▸ **Source material**
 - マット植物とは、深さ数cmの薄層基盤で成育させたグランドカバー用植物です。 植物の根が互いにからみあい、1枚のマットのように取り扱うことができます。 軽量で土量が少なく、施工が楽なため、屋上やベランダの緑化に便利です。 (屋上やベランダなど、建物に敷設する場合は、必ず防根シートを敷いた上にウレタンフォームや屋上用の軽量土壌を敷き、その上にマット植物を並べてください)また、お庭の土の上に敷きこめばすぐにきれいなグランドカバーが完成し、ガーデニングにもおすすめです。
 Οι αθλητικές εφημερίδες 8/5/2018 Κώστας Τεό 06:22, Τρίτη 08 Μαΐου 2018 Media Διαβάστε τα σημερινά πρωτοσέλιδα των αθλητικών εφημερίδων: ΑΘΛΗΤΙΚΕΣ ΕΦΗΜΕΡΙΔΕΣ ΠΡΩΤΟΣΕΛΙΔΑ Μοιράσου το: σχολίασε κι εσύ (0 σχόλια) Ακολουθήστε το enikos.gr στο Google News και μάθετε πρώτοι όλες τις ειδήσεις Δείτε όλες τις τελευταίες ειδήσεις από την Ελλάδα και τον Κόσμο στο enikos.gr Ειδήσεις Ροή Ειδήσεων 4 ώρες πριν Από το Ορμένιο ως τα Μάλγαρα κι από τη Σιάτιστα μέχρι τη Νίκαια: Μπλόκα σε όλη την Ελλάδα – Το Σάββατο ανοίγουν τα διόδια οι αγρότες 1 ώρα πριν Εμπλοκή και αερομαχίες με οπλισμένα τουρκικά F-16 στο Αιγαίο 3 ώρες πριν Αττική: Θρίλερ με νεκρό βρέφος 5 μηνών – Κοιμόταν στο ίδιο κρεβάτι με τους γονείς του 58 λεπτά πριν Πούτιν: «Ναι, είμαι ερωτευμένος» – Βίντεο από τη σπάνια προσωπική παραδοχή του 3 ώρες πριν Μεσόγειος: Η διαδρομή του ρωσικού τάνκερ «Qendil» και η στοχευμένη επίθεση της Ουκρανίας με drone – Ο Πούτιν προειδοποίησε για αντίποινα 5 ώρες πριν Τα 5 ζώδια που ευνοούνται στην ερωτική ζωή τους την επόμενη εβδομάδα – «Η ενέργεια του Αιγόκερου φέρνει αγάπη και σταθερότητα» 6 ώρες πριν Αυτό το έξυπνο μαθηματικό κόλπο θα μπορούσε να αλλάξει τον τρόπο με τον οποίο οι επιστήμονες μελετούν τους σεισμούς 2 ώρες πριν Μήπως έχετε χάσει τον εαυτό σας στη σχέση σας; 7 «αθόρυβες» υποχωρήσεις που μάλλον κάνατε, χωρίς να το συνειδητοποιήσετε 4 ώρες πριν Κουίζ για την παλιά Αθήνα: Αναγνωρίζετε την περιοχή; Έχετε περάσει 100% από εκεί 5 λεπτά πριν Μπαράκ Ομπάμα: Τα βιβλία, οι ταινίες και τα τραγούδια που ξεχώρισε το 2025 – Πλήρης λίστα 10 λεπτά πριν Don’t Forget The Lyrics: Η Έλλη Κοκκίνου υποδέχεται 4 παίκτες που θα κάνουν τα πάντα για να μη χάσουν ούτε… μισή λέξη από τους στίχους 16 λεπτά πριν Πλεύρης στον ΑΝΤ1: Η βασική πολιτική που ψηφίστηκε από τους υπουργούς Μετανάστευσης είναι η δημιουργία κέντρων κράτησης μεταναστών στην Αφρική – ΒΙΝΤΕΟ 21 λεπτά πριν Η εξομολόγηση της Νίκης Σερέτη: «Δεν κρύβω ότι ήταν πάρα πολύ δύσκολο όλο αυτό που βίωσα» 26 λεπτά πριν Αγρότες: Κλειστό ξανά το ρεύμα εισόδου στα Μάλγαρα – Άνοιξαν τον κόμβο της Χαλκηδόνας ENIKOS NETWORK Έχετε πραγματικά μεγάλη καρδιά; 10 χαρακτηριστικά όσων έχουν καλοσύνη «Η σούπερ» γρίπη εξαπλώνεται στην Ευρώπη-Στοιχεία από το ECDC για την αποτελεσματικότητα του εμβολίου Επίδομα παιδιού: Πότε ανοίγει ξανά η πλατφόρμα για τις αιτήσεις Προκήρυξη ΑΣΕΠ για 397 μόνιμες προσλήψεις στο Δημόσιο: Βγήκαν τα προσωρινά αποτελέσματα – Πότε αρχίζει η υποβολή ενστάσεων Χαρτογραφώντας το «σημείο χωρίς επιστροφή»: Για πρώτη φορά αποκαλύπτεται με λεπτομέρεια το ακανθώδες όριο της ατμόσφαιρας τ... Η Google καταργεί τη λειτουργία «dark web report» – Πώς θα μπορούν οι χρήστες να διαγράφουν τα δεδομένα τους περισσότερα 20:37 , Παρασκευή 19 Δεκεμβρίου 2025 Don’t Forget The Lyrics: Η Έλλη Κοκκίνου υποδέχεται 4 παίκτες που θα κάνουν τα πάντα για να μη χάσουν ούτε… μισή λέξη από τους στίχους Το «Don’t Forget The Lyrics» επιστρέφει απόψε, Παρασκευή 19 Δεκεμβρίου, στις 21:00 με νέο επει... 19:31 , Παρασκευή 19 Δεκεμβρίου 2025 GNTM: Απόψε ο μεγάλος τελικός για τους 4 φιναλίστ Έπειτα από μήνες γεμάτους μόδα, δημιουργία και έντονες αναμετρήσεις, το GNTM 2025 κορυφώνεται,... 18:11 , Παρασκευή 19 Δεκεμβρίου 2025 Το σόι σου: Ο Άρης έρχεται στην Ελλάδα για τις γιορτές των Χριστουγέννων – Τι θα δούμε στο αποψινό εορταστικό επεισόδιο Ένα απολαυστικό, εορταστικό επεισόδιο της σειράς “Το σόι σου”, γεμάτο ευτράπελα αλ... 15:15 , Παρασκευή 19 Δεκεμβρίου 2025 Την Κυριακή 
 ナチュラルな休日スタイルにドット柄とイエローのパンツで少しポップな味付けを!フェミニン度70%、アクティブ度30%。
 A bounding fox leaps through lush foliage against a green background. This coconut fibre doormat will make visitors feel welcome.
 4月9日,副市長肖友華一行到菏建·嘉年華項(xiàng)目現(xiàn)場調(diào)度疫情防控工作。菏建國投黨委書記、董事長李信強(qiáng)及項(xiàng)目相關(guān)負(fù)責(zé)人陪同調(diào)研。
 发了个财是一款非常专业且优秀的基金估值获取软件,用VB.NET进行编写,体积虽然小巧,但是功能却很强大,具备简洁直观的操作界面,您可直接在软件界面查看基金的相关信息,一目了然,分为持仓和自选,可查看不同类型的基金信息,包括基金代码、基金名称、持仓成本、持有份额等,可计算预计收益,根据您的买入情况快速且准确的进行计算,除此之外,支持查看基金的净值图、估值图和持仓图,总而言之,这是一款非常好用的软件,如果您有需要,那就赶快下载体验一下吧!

▸ **Task prompt**
Your reply must consist of the entire listing, repeated word for word.

▸ **Solution below**
 - マット植物とは、深さ数cmの薄層基盤で成育させたグランドカバー用植物です。 植物の根が互いにからみあい、1枚のマットのように取り扱うことができます。 軽量で土量が少なく、施工が楽なため、屋上やベランダの緑化に便利です。 (屋上やベランダなど、建物に敷設する場合は、必ず防根シートを敷いた上にウレタンフォームや屋上用の軽量土壌を敷き、その上にマット植物を並べてください)また、お庭の土の上に敷きこめばすぐにきれいなグランドカバーが完成し、ガーデニングにもおすすめです。
 Οι αθλητικές εφημερίδες 8/5/2018 Κώστας Τεό 06:22, Τρίτη 08 Μαΐου 2018 Media Διαβάστε τα σημερινά πρωτοσέλιδα των αθλητικών εφημερίδων: ΑΘΛΗΤΙΚΕΣ ΕΦΗΜΕΡΙΔΕΣ ΠΡΩΤΟΣΕΛΙΔΑ Μοιράσου το: σχολίασε κι εσύ (0 σχόλια) Ακολουθήστε το enikos.gr στο Google News και μάθετε πρώτοι όλες τις ειδήσεις Δείτε όλες τις τελευταίες ειδήσεις από την Ελλάδα και τον Κόσμο στο enikos.gr Ειδήσεις Ροή Ειδήσεων 4 ώρες πριν Από το Ορμένιο ως τα Μάλγαρα κι από τη Σιάτιστα μέχρι τη Νίκαια: Μπλόκα σε όλη την Ελλάδα – Το Σάββατο ανοίγουν τα διόδια οι αγρότες 1 ώρα πριν Εμπλοκή και αερομαχίες με οπλισμένα τουρκικά F-16 στο Αιγαίο 3 ώρες πριν Αττική: Θρίλερ με νεκρό βρέφος 5 μηνών – Κοιμόταν στο ίδιο κρεβάτι με τους γονείς του 58 λεπτά πριν Πούτιν: «Ναι, είμαι ερωτευμένος» – Βίντεο από τη σπάνια προσωπική παραδοχή του 3 ώρες πριν Μεσόγειος: Η διαδρομή του ρωσικού τάνκερ «Qendil» και η στοχευμένη επίθεση της Ουκρανίας με drone – Ο Πούτιν προειδοποίησε για αντίποινα 5 ώρες πριν Τα 5 ζώδια που ευνοούνται στην ερωτική ζωή τους την επόμενη εβδομάδα – «Η ενέργεια του Αιγόκερου φέρνει αγάπη και σταθερότητα» 6 ώρες πριν Αυτό το έξυπνο μαθηματικό κόλπο θα μπορούσε να αλλάξει τον τρόπο με τον οποίο οι επιστήμονες μελετούν τους σεισμούς 2 ώρες πριν Μήπως έχετε χάσει τον εαυτό σας στη σχέση σας; 7 «αθόρυβες» υποχωρήσεις που μάλλον κάνατε, χωρίς να το συνειδητοποιήσετε 4 ώρες πριν Κουίζ για την παλιά Αθήνα: Αναγνωρίζετε την περιοχή; Έχετε περάσει 100% από εκεί 5 λεπτά πριν Μπαράκ Ομπάμα: Τα βιβλία, οι ταινίες και τα τραγούδια που ξεχώρισε το 2025 – Πλήρης λίστα 10 λεπτά πριν Don’t Forget The Lyrics: Η Έλλη Κοκκίνου υποδέχεται 4 παίκτες που θα κάνουν τα πάντα για να μη χάσουν ούτε… μισή λέξη από τους στίχους 16 λεπτά πριν Πλεύρης στον ΑΝΤ1: Η βασική πολιτική που ψηφίστηκε από τους υπουργούς Μετανάστευσης είναι η δημιουργία κέντρων κράτησης μεταναστών στην Αφρική – ΒΙΝΤΕΟ 21 λεπτά πριν Η εξομολόγηση της Νίκης Σερέτη: «Δεν κρύβω ότι ήταν πάρα πολύ δύσκολο όλο αυτό που βίωσα» 26 λεπτά πριν Αγρότες: Κλειστό ξανά το ρεύμα εισόδου στα Μάλγαρα – Άνοιξαν τον κόμβο της Χαλκηδόνας ENIKOS NETWORK Έχετε πραγματικά μεγάλη καρδιά; 10 χαρακτηριστικά όσων έχουν καλοσύνη «Η σούπερ» γρίπη εξαπλώνεται στην Ευρώπη-Στοιχεία από το ECDC για την αποτελεσματικότητα του εμβολίου Επίδομα παιδιού: Πότε ανοίγει ξανά η πλατφόρμα για τις αιτήσεις Προκήρυξη ΑΣΕΠ για 397 μόνιμες προσλήψεις στο Δημόσιο: Βγήκαν τα προσωρινά αποτελέσματα – Πότε αρχίζει η υποβολή ενστάσεων Χαρτογραφώντας το «σημείο χωρίς επιστροφή»: Για πρώτη φορά αποκαλύπτεται με λεπτομέρεια το ακανθώδες όριο της ατμόσφαιρας τ... Η Google καταργεί τη λειτουργία «dark web report» – Πώς θα μπορούν οι χρήστες να διαγράφουν τα δεδομένα τους περισσότερα 20:37 , Παρασκευή 19 Δεκεμβρίου 2025 Don’t Forget The Lyrics: Η Έλλη Κοκκίνου υποδέχεται 4 παίκτες που θα κάνουν τα πάντα για να μη χάσουν ούτε… μισή λέξη από τους στίχους Το «Don’t Forget The Lyrics» επιστρέφει απόψε, Παρασκευή 19 Δεκεμβρίου, στις 21:00 με νέο επει... 19:31 , Παρασκευή 19 Δεκεμβρίου 2025 GNTM: Απόψε ο μεγάλος τελικός για τους 4 φιναλίστ Έπειτα από μήνες γεμάτους μόδα, δημιουργία και έντονες αναμετρήσεις, το GNTM 2025 κορυφώνεται,... 18:11 , Παρασκευή 19 Δεκεμβρίου 2025 Το σόι σου: Ο Άρης έρχεται στην Ελλάδα για τις γιορτές των Χριστουγέννων – Τι θα δούμε στο αποψινό εορταστικό επεισόδιο Ένα απολαυστικό, εορταστικό επεισόδιο της σειράς “Το σόι σου”, γεμάτο ευτράπελα αλ... 15:15 , Παρασκευή 19 Δεκεμβρίου 2025 Την Κυριακή 
 ナチュラルな休日スタイルにドット柄とイエローのパンツで少しポップな味付けを!フェミニン度70%、アクティブ度30%。
 A bounding fox leaps through lush foliage against a green background. This coconut fibre doormat will make visitors feel welcome.
 4月9日,副市長肖友華一行到菏建·嘉年華項(xiàng)目現(xiàn)場調(diào)度疫情防控工作。菏建國投黨委書記、董事長李信強(qiáng)及項(xiàng)目相關(guān)負(fù)責(zé)人陪同調(diào)研。
 发了个财是一款非常专业且优秀的基金估值获取软件,用VB.NET进行编写,体积虽然小巧,但是功能却很强大,具备简洁直观的操作界面,您可直接在软件界面查看基金的相关信息,一目了然,分为持仓和自选,可查看不同类型的基金信息,包括基金代码、基金名称、持仓成本、持有份额等,可计算预计收益,根据您的买入情况快速且准确的进行计算,除此之外,支持查看基金的净值图、估值图和持仓图,总而言之,这是一款非常好用的软件,如果您有需要,那就赶快下载体验一下吧!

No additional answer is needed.